Place à Jesu et un premier titre "Hard to reach", long, mouvant et dopé aux textures électro clinquantes avant que les nappes hypnotiques dont Justin Broadrick a le secret n'emplissent inexorablement l'atmosphère. Mélodies lumineuses, un cheminement musical qui amènera lentement mais sûrement vers l'apaisement absolu, un sentiment de bien-être contemplatif que l'anglais développe l'espace de quelques 13 minutes et trente neuf secondes d'un voyage ambient/électro industriel explorant des contrées musicales aux panoramas idylliques. Malgré une productivité étonnante (pas moins de sept sorties pour la seule année 2007), Justin Broadrick démontre qu'il parvient pourtant à se renouveler sans cesse, tout en conservant sa griffe musicale, unique. Distillat sonore dense et organique, "The stars that hang above you" se fait l'écho d'une musique cathartique aux volutes aériennes et atmosphères éthérées.

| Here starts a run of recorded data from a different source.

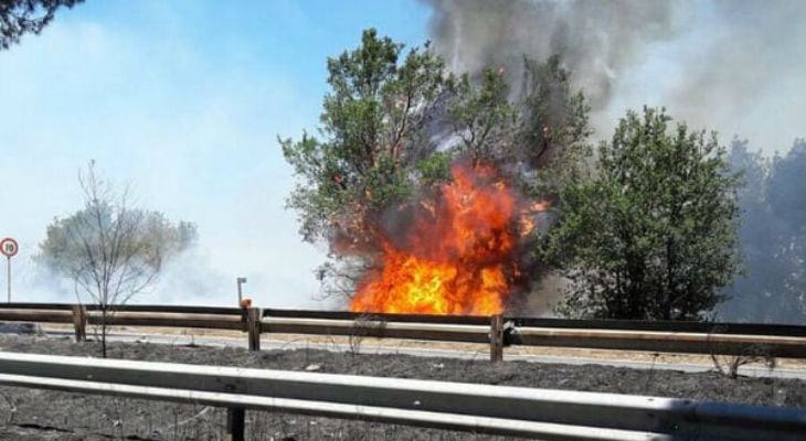 MONTEGIORDANO (CS) – Incendio in provincia di Cosenza nel Comune di Montegiordano. Il fuoco lambisce la carreggiata della statale jonica rendendone necessaria la chiusura al traffico a causa dei fumi. Ad intervenire per spegnere le fiamme nei pressi della ss 106 Variante di Montegiordano i Vigili del Fuoco supportati da personale di Calabria Verde e da mezzi aerei coordinati dal Direttore Operazioni Spegnimento. Sul posto anche gli operatori Anas per la gestione della viabilità provvisoriamente deviata sulla vecchia sede della statale 106 e per il ripristino della normale circolazione nel più breve tempo possibile. Per le abitazioni sparse nella zona coinvolta dal rogo al momento non sussiste alcun pericolo. Difficile per le squadre di terra raggiungere l’area impervia in cui si è sviluppato l’incendio.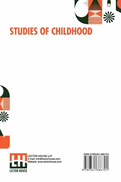 NEW PRINT WITH PROFESSIONAL TYPE-SET IN CONTRAST TO SCANNED PRINTS OFFERED BY OTHERS Studies Of Childhood This book is a result of an effort made by us towards making a contribution to the preservation and repair of original classic literature. In an attempt to preserve, improve and recreate the original content, we have worked towards: 1. Type-setting & Reformatting: The complete work has been re-designed via professional layout, formatting and type-setting tools to re-create the same edition with rich typography, graphics, high quality images, and table elements, giving our readers the feel of holding a fresh and newly reprinted and/or revised edition, as opposed to other scanned & printed (Optical Character Recognition - OCR) reproductions. 2. Correction of imperfections: As the work was re-created from the scratch, therefore, it was vetted to rectify certain conventional norms with regard to typographical mistakes, hyphenations, punctuations, blurred images, missing content/pages, and/or other related subject matters, upon our consideration. Every attempt was made to rectify the imperfections related to omitted constructs in the original edition via other references. However, a few of such imperfections which could not be rectified due to intentional\unintentional omission of content in the original edition, were inherited and preserved from the original work to maintain the authenticity and construct, relevant to the work.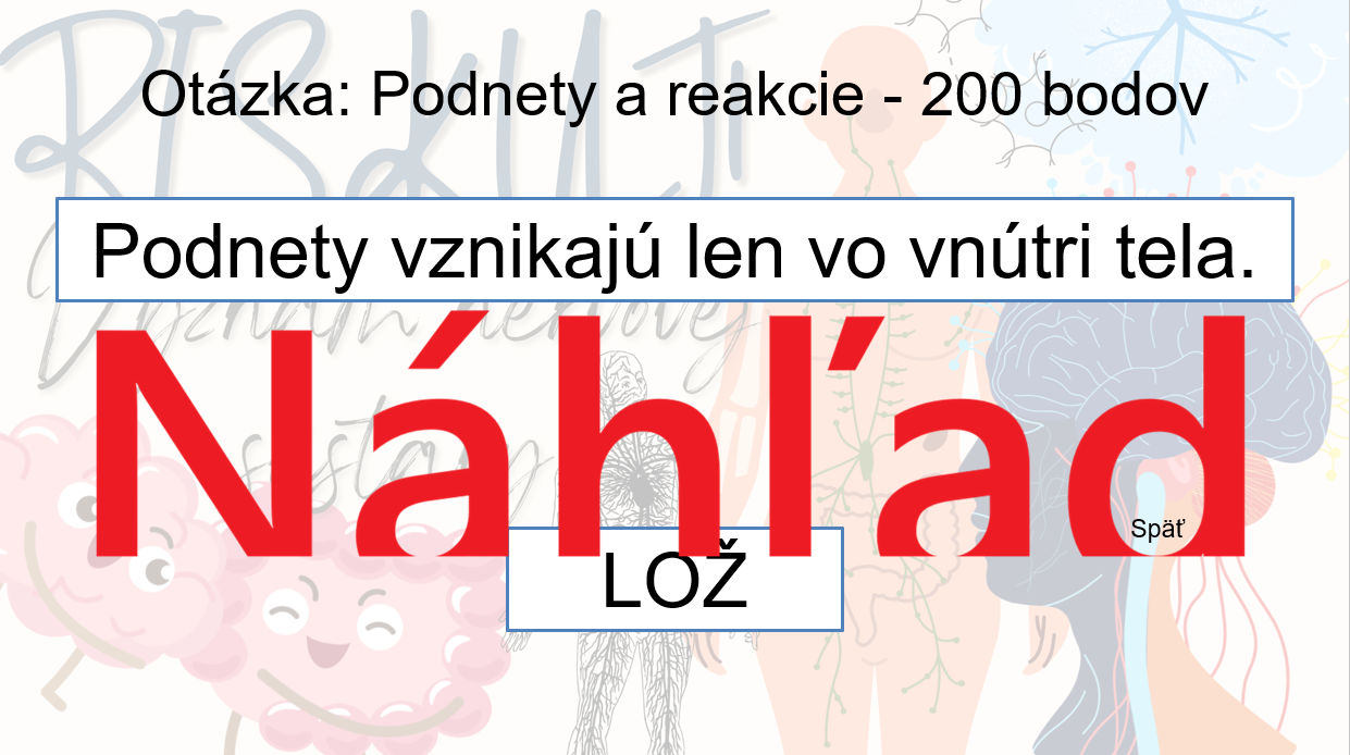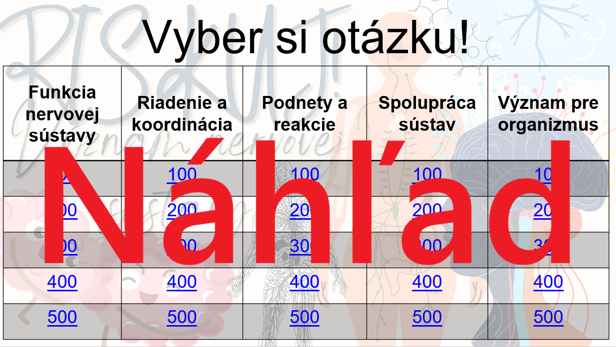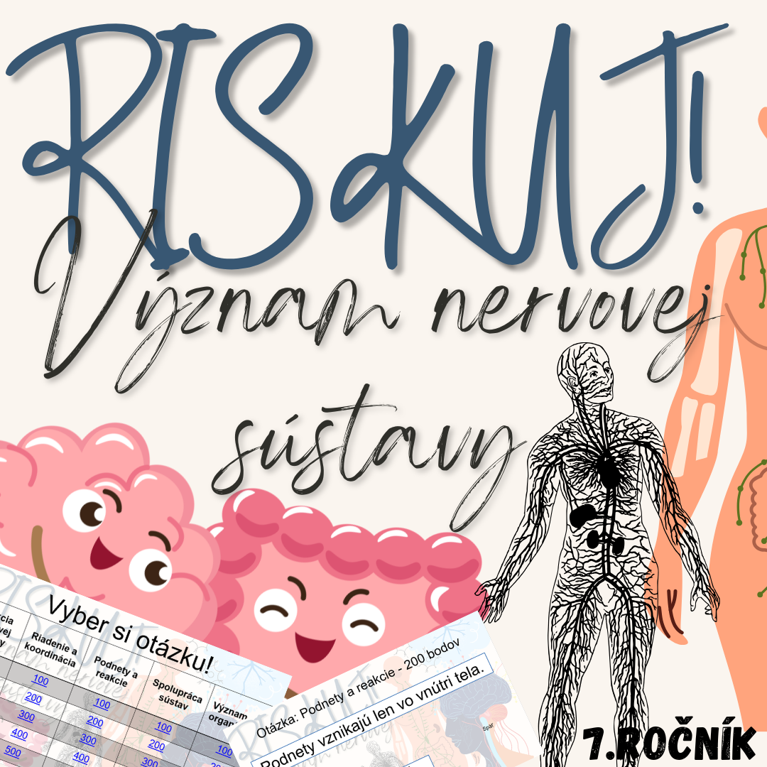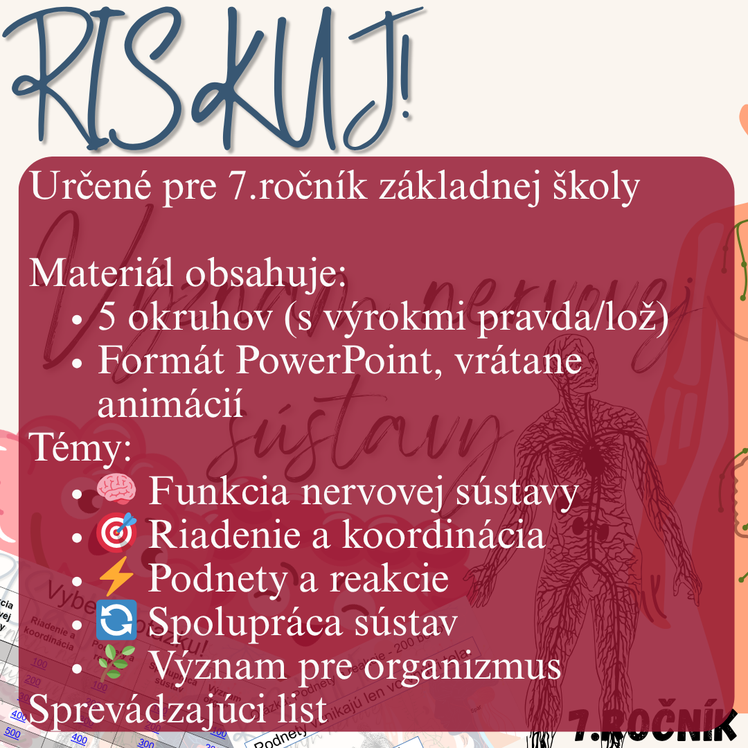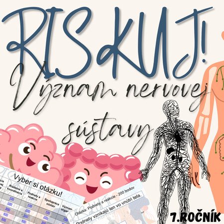 Materiál „RISKUJ! – Význam nervovej sústavy“ je interaktívna a súťažná edukačná hra určená pre žiakov 7. ročníka základnej školy. Zameriava sa na funkciu, riadenie a význam nervovej sústavy pre organizmus.
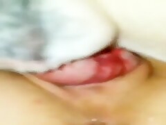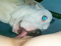 Plays with pussy then dog licks
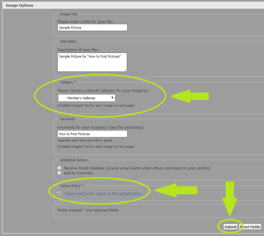 6. From there, enter any information that you wish to add about your picture and select the "Submit" button. Remember, the fields marked with the * are required:

Quelques minutes d'errance narcoleptique et un final en forme d'une agréable apothéose émotionnelle, Jesu conclue avec classe cet effort sur lequel Envy se révèle un peu en panne d'inspiration pendant que Broadrick met sa créativité au service de ce split l'artwork réalisé par Aaron Turner (Isis) (qui réalise tous les visuels des disques que sort Hydrahead) et au contenu finalement inégal.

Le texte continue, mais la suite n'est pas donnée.